閏年制度の仕組みと歴史的変遷

📌 主なポイント
- ✓閏年は、季節や月相と暦のずれを補正するために日や月が追加される年である。
- ✓グレゴリオ暦では、400年間で97回の閏年を設ける規則を採用している。
- ✓日本の閏年の判定は、法令(明治31年勅令第90号)によっても規定されている。

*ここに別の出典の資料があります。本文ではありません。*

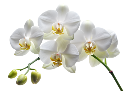 Beautiful white orchid flowers are blooming on a stem, isolated on transparent background

- ✓太陰太陽暦では、季節と暦のずれを解消するために「閏月」が挿入される。
閏年(うるうどし、じゅんねん)とは、季節や月相と暦のずれを調整するために、平年よりも日数や月数が多く設定されている年のことである。これに対し、閏年ではない通常の年は平年(へいねん)と呼ばれる。暦法によって、追加されるのは日(閏日)であったり月(閏月)であったりし、その挿入規則を置閏法(ちじゅんほう)と呼ぶ。
太陽暦における置閏法
太陽暦では、地球が太陽を一周する周期(回帰年)と暦のずれを補正するために閏日が挿入される。
ユリウス暦
紀元前46年にローマで採用されたユリウス暦では、4年に1回を閏年とし、2月の日数を29日とした。これにより1暦年は平均365.25日となったが、実際の回帰年との間にわずかなずれが生じ、長期間の使用により春分日が本来の日付から大きく乖離する問題が発生した。
グレゴリオ暦
ユリウス暦の誤差を解消するため、ローマ教皇グレゴリウス13世によって1582年に制定されたのがグレゴリオ暦である。グレゴリオ暦では、400年間で97回の閏年を設けるため、以下の規則が定められている。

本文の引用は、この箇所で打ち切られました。